Omega-3s Linked to Lower MS Risk

Fatty acid biosynthesis may play a protective role

by Judy George, Contributing Writer, MedPage Today
March 01, 2018

LOS ANGELES -- Omega-3 fatty acids may play an important role in lowering the risk of developing multiple sclerosis (MS), researchers suggested.
Consuming fish at least once a week -- or at least once a month with regular fish oil use -- was associated with a 44% reduced risk of MS or its precursor, clinically isolated syndrome (CIS), reported Annette Langer-Gould, MD, PhD, of Kaiser Permanente Southern California in Pasadena, CA, and co-authors, in an early-release abstract from the American Academy of Neurology annual meeting, to be held here in April.
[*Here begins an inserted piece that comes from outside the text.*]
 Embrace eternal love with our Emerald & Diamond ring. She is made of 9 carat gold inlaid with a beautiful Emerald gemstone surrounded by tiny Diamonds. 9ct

"These findings provide more evidence that a diet rich in fish and omega-3 polyunsaturated fatty acids has health benefits," Langer-Gould said. "In addition to promoting improved cardiovascular health, a high fish or seafood diet may also reduce the risk of developing MS."
A marine diet is the best source of omega-3 polyunsaturated fatty acids (PUFAs), she noted. High fish intake has been associated with a lower risk of MS, but it's unclear whether this is due to PUFAs or other nutrients.
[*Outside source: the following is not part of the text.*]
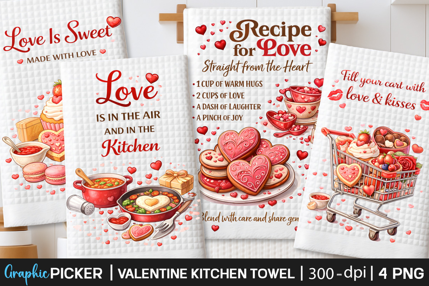 Valentine Kitchen Towel PNG, Valentine day Sublimation, Love example image 1

Single nucleotide polymorphisms (SNPs) in the fatty acid desaturase (FADS) gene cluster that modulate fatty acid levels have been associated with cognition, cardiovascular disease, and inflammation, she noted, but whether they're associated with MS also is unknown.
For this study, Langer-Gould and colleagues examined the diets of 1,153 people from the MS Sunshine Study, a multi-ethnic, matched case-control cohort of incident MS or CIS recruited from Kaiser Permanente Southern California, to determine the association of fish consumption and 13 tag SNPs in FADS1, FADS2, and ELOV2 with the risk of MS. The researchers defined high fish intake as eating fish at least once a week or more, or one to three servings per month plus fish oil supplements, and adjusted findings for age, sex, smoking, genetic ancestry, and the HLADRB1*15:01 allele.